EXERCISE:
Look below for the line containing "Ella's Kitchen, Nibbly" and the line containing "Asymmetric belted pleated"; repeat exactly those two lines and all lines between them, and nothing else.

DATASET RECORDS:
_ _ _ _ _ _ _

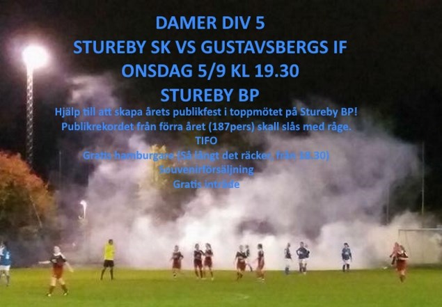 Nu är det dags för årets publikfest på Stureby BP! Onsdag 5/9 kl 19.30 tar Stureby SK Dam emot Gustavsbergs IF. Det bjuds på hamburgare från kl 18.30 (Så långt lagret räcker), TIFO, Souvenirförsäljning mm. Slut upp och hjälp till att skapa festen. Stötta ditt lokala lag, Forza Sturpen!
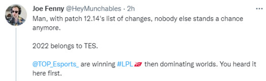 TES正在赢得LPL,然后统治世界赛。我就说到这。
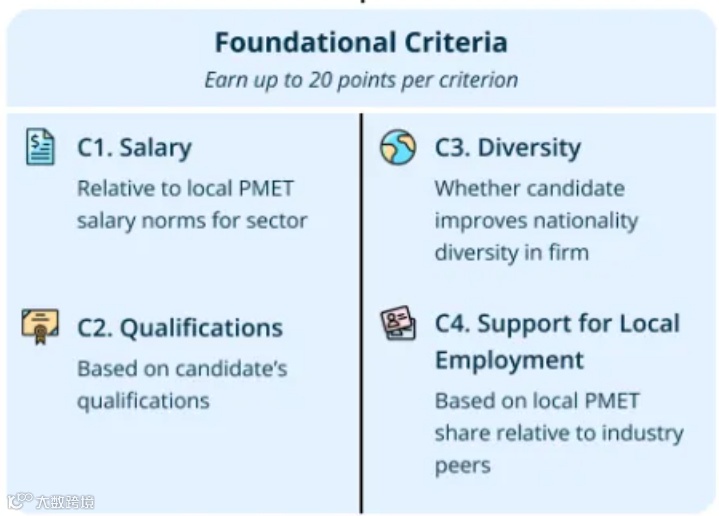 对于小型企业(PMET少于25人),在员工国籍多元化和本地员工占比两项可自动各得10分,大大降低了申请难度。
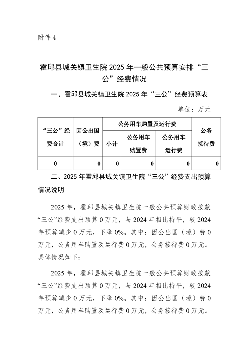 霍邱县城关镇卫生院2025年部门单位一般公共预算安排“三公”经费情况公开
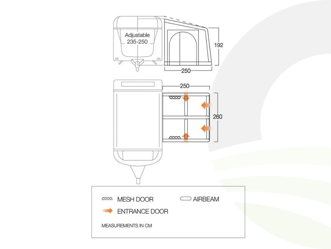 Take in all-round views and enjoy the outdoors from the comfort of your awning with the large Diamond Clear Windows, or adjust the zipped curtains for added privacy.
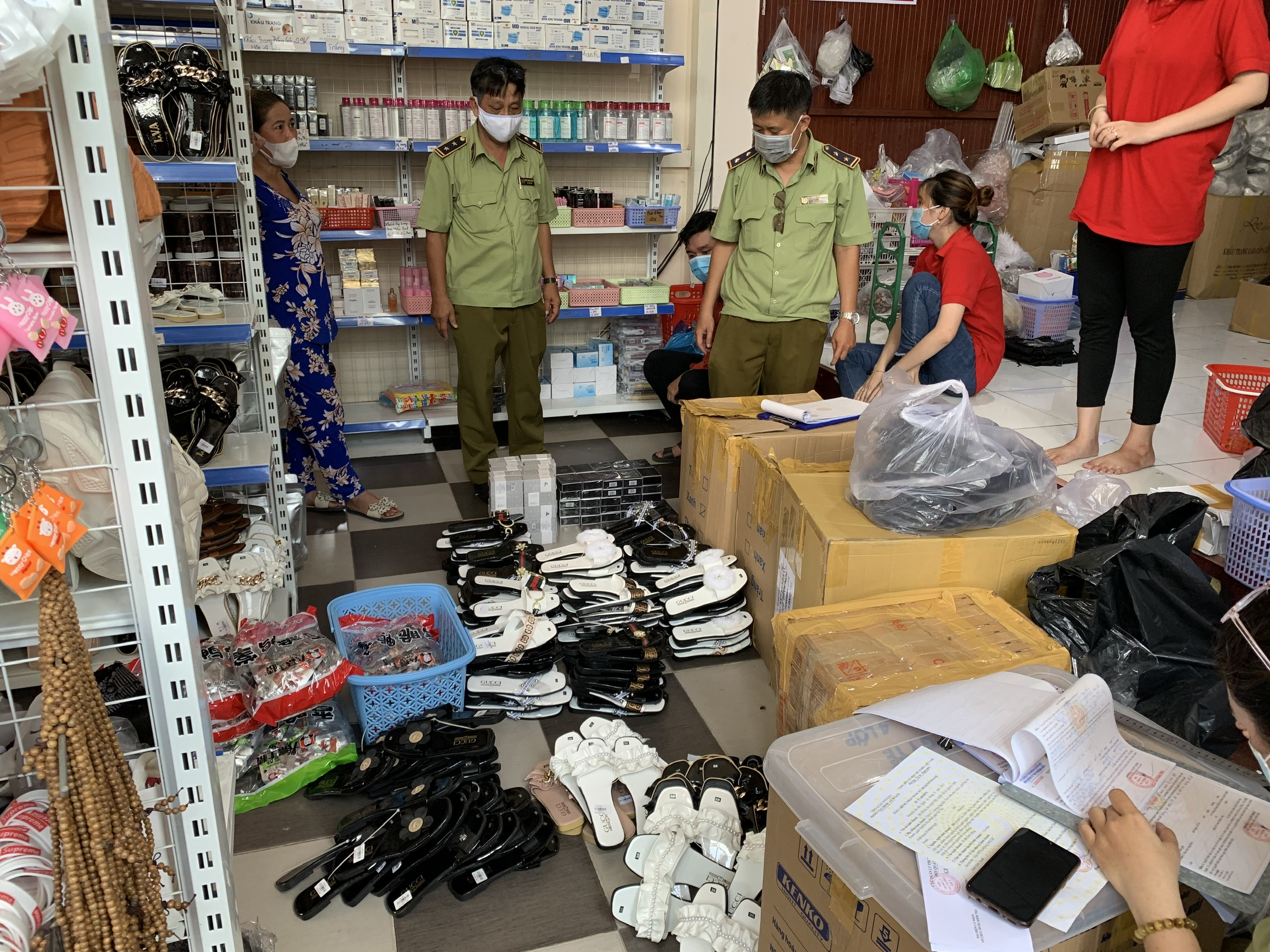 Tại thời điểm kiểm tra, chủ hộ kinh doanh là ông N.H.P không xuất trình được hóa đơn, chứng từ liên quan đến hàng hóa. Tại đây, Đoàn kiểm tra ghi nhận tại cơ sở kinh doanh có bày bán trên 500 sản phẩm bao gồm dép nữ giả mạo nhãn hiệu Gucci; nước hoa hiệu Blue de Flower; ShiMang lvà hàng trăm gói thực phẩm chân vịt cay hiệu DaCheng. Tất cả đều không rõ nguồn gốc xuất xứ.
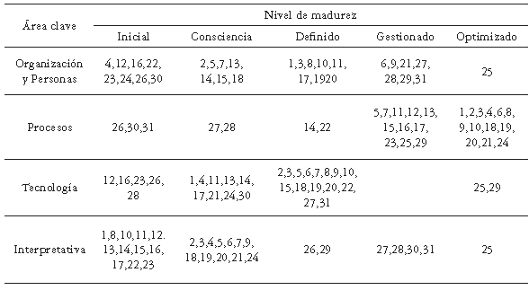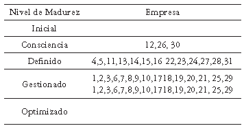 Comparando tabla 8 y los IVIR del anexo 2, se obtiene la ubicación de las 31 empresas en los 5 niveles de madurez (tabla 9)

_ _ _ _ _ _ _

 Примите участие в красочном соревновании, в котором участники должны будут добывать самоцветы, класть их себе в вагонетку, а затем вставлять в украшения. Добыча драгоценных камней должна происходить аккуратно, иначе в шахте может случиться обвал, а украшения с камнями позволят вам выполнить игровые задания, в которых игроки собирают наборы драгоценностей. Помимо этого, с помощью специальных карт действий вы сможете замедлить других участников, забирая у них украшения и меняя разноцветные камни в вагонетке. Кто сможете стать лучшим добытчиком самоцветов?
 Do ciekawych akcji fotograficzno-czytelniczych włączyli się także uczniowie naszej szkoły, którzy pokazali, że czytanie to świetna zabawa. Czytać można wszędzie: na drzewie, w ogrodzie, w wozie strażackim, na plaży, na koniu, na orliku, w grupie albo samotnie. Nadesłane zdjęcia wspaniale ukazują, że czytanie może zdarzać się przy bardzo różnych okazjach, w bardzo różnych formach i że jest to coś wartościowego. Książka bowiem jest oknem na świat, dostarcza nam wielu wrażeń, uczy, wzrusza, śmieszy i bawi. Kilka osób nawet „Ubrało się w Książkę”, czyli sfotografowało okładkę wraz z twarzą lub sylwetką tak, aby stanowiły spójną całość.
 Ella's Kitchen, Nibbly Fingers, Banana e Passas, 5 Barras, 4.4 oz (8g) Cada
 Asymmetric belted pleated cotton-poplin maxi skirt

_ _ _ _ _ _ _

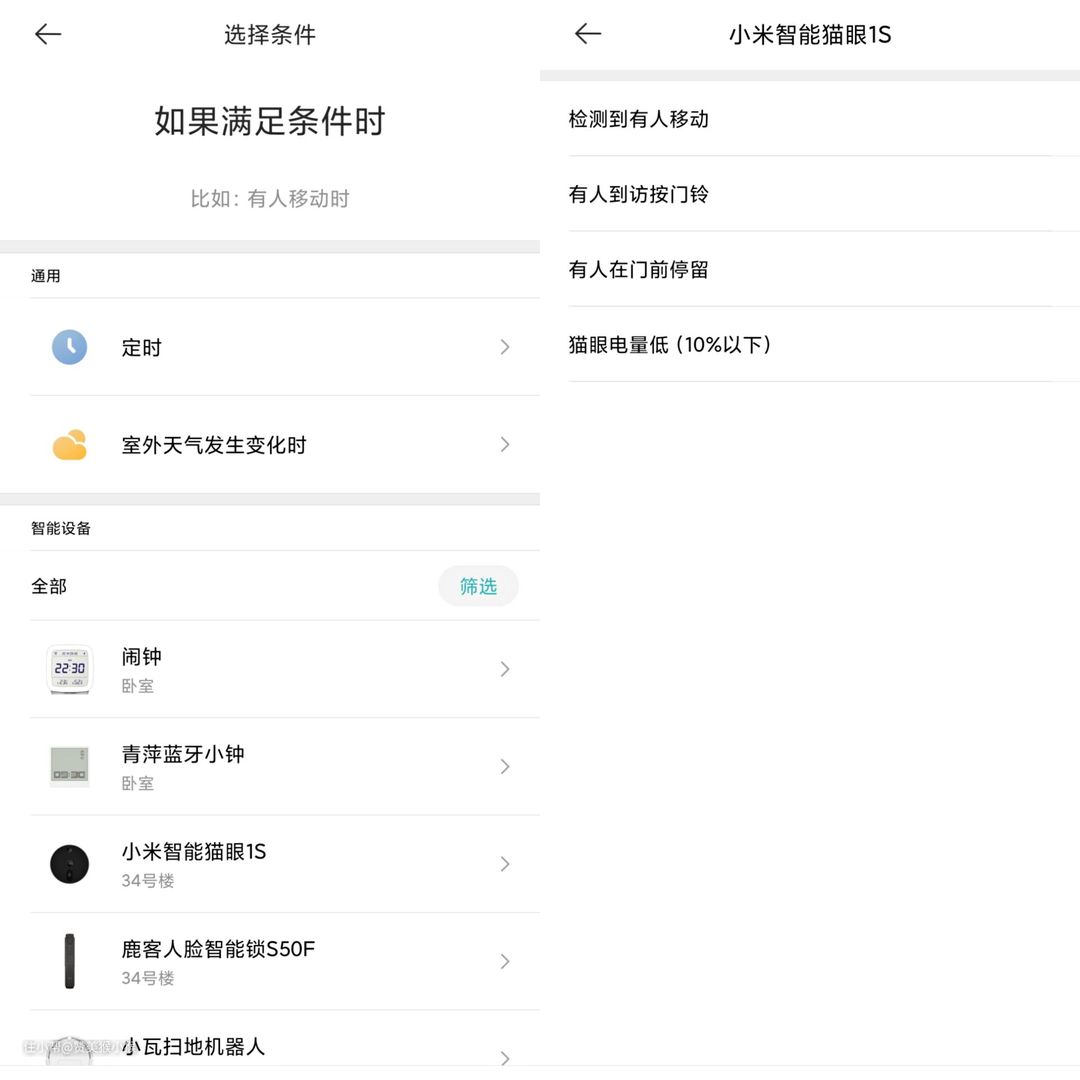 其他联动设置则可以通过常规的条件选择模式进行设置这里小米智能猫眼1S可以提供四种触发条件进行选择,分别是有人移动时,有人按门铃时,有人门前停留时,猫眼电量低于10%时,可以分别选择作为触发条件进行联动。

_ _ _ _ _ _ _

YOUR RESPONSE:
 Ella's Kitchen, Nibbly Fingers, Banana e Passas, 5 Barras, 4.4 oz (8g) Cada
 Asymmetric belted pleated cotton-poplin maxi skirt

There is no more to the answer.